2) Resolve sensitive context on the server side

Do not ask the model for raw filesystem paths or tenant IDs if the runtime already knows them.

interface SessionClaim {
  sessionId: string;
  tenantId: string;
  workspaceId: string;
  allowedTools: string[];
  expiresAt: string;
}

export async function executeTool(
  toolName: string,
  input: unknown,
  claim: SessionClaim
) {
  assertAllowed(toolName, claim.allowedTools);
  assertNotExpired(claim.expiresAt);

  const workspace = await workspaceRegistry.resolve({
    tenantId: claim.tenantId,
    workspaceId: claim.workspaceId,
  });

  return toolRouter.run(toolName, {
    input,
    workspaceRoot: workspace.root,
    auditTags: {
      tenantId: claim.tenantId,
      sessionId: claim.sessionId,
    },
  });
}

This is one of those boring guardrails that prevents spectacular messes. The model can request src/auth.ts, but it should never choose an arbitrary path from another customer’s checkout.

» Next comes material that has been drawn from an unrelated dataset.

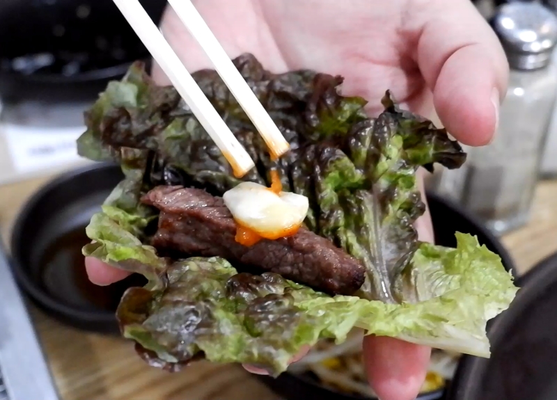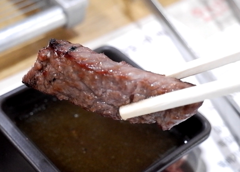 이가 고기 사이로 들어가면 육즙이 줄줄 흐릅니다.

3) Key caches and warm resources by tenant plus session lane

Cross-tenant cache bleed is a very real failure mode.

def cache_key(tool_name: str, tenant_id: str, workspace_id: str, logical_input_hash: str) -> str:
    return ":".join([
        "mcp-cache",
        tool_name,
        tenant_id,
        workspace_id,
        logical_input_hash,
    ])

If you only key by tool name and normalized input, a shared retrieval tool or browser snapshot can hand the wrong answer to the wrong user. I would rather lose a bit of cache efficiency than debug that incident.

4) Make approvals session-bound, not globally reusable

A human approval should usually bind to the tool name, the tenant or workspace, the session ID, a narrow action summary, and a short TTL.

approval_id: apr_8e9b7c
session_id: sess_01JY7Q7K7H2M8
tool: github.comment_issue
scope: repo:billing-api / issue:1842
ttl: 300s
status: valid

If you approve one comment action in one thread, that approval should not quietly authorize another write in another workspace five minutes later.

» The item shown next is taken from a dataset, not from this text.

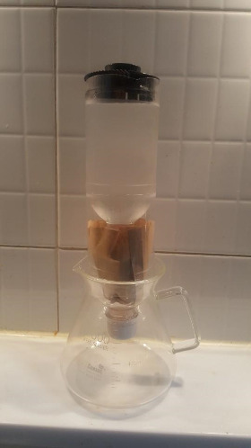 더 이상 잔소리할 기운도 없고 해서 녀석이 하는 대로 놔뒀더니, 정말로 페트병 두 개에서 한 방울씩 커피가 떨어져 더치커피가 만들어진다.

What went wrong, and the tradeoffs

Failure mode 1, session identity exists only in prompt text

This is the classic trap. The model says which repo or tenant it is operating on, and the server trusts it because the schema looked right.

That is not session awareness. That is prompt-shaped wishful thinking.

Failure mode 2, warm workers outlive their trust boundary

Long-lived browser contexts, shell sessions, and checked-out repos are good for latency, but they are risky if they are not rebound or destroyed between tenants.

Choice	Benefit	Cost	When I would use it
Per-call isolation	Strongest boundary	Higher latency	High-risk write tools
Per-session warm state	Good speed with clear ownership	Cleanup complexity	Medium-risk coding workflows
Cross-session shared state	Cheapest	Easy to leak context	Almost never for write-capable tools

What I would not do is keep a single warm write-capable shell around for multiple humans just because it feels efficient.

Failure mode 3, audit logs lose the claim fingerprint

If the audit record only says tool X ran with input Y, incident review becomes guesswork.

A useful record should preserve at least session ID, tenant ID, actor ID or actor class, approval fingerprint, lease ID, resolved workspace, and exact tool name.

Best practice: treat session claims like capability tokens. Sign them, validate them server-side, keep them short-lived, and never let the model rewrite them.

Pitfall: mixed read/write tools are easy to under-classify. If a preview endpoint leaves durable state, sends telemetry, or allocates resources, it is not harmless just because it returns JSON.

Practical checklist

[ ] bind every tool call to a trusted session claim
[ ] resolve tenant, workspace, and policy server-side
[ ] scope approvals to session plus action fingerprint
[ ] expire leases aggressively and reject replayed claims
[ ] key caches and warm resources by tenant and workspace
[ ] emit claim fingerprints into audit and trace records
[ ] isolate or reset warm runtimes between trust boundaries
[ ] test cross-tenant and replay failures on purpose

Conclusion

Multi-user MCP systems break in ways single-user demos never show.

If you want shared tools to stay safe, the trick is not a bigger prompt. It is tighter runtime binding. Session-aware claims, scoped leases, and audit-friendly execution make the difference between a useful shared tool layer and a slow-moving data leak.